Shut in and morbid as his life had been, Colin had more imagination than she had and at least he had spent a good deal of time looking at wonderful books and pictures.

"That morning when you ran in and said 'It's come! It's come!' you made me feel quite queer. It sounded as if things were coming with a great procession and big bursts and wafts of music. I've a picture like it in one of my books—crowds of lovely people and children with garlands and branches with blossoms on them, every one laughing and dancing and crowding and playing on pipes. That was why I said, 'Perhaps we shall hear golden trumpets' and told you to throw open the window."

"How funny!" said Mary. "That's really just what it feels like. And if all the flowers and leaves and green things and birds and wild creatures danced past at once, what a crowd it would be! I'm sure they'd dance and sing and flute and that would be the wafts of music."

They both laughed but it was not because the idea was laughable but because they both so liked it.

A little later the nurse made Colin ready. She noticed that instead of lying like a log while his clothes were put on he sat up and made some efforts to help himself, and he talked and laughed with Mary all the time.

"This is one of his good days, sir," she said to Dr. Craven, who dropped in to inspect him. "He's in such good spirits that it makes him stronger."

"I'll call in again later in the afternoon, after he has come in," said Dr. Craven. "I must see how the going out agrees with him. I wish," in a very low voice, "that he would let you go with him."

"I'd rather give up the case this moment, sir, than even stay here while it's suggested," answered the nurse with sudden firmness.

"I hadn't really decided to suggest it," said the doctor, with his slight nervousness. "We'll try the experiment. Dickon's a lad I'd trust with a new-born child."

The strongest footman in the house carried Colin down-stairs and put him in his wheeled chair near which Dickon waited outside. After the manservant had arranged his rugs and cushions the Rajah waved his hand to him and to the nurse.

"You have my permission to go," he said, and they both disappeared quickly and it must be confessed giggled when they were safely inside the house.

Dickon began to push the wheeled chair slowly and steadily. Mistress Mary walked beside it and Colin leaned back and lifted his face to the sky. The arch of it looked very high and the small snowy clouds seemed like white birds floating on outspread wings below its crystal blueness. The wind swept in soft big breaths down from the moor and was strange with a wild clear scented sweetness. Colin kept lifting his thin chest to draw it in, and his big eyes looked as if it were they which were listening—listening, instead of his ears.
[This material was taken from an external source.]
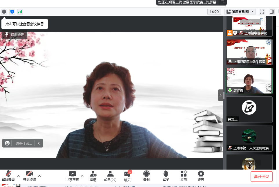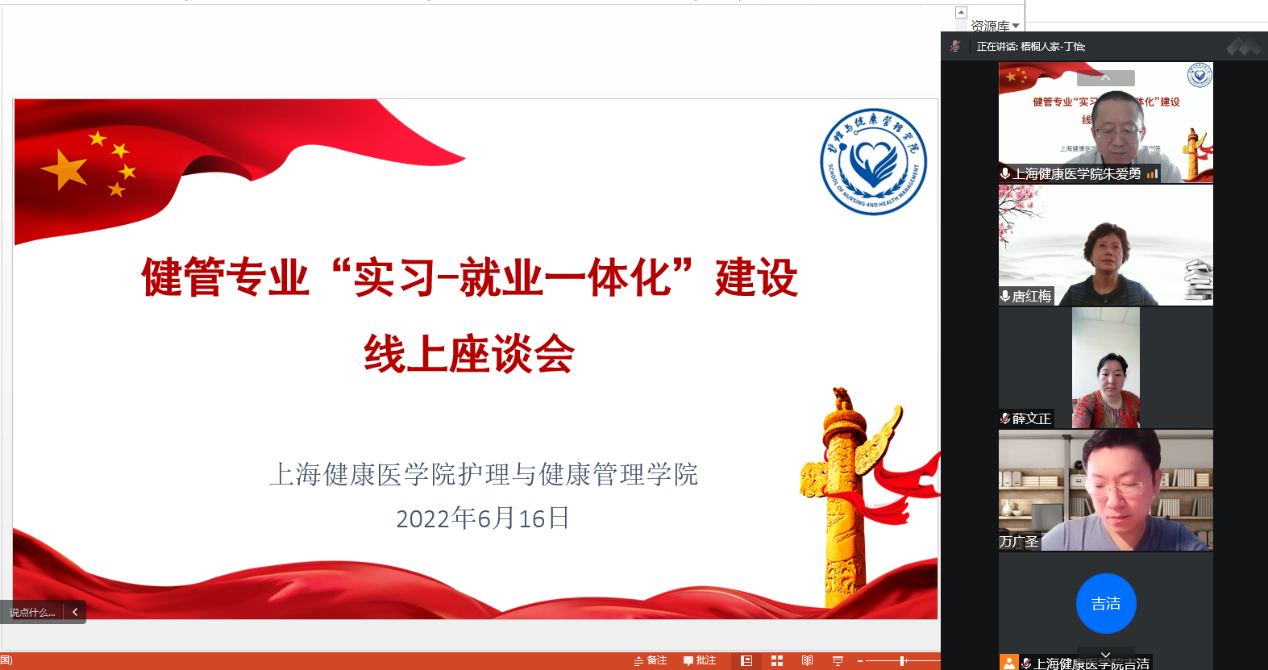 长期以来,用人单位对我校护理与健康管理学院健康服务与管理本科专业学生培养工作给予了大力支持,为加强沟通交流,进一步提升人才培养质量,为用人单位输送高素质应用型人才,6月16日上午,护管学院举办健康服务与管理专业“实习-就业一体化建设”线上座谈会。上海市邮电医院、曹杨社区卫生服务中心、中国太平保险集团等13家用人单位的人力资源部门负责人莅临会议,上海健康医学院党委副书记、副校长唐红梅出席会议并指导;学生处副处长吕晓丽(主持工作)、副处长慈兴强,护管学院党总支书记郭戎静、院长朱爱勇、副院长蒋颖、副院长万广圣、党总支副书记薛文正和2022届毕业班辅导员参加。朱爱勇主持会议。

"There are so many sounds of singing and humming and calling out," he said. "What is that scent the puffs of wind bring?"

"It's gorse on th' moor that's openin' out," answered Dickon. "Eh! th' bees are at it wonderful to-day."

Not a human creature was to be caught sight of in the paths they took. In fact every gardener or gardener's lad had been witched away. But they wound in and out among the shrubbery and out and round the fountain beds, following their carefully planned route for the mere mysterious pleasure of it. But when at last they turned into the Long Walk by the ivied walls the excited sense of an approaching thrill made them, for some curious reason they could not have explained, begin to speak in whispers.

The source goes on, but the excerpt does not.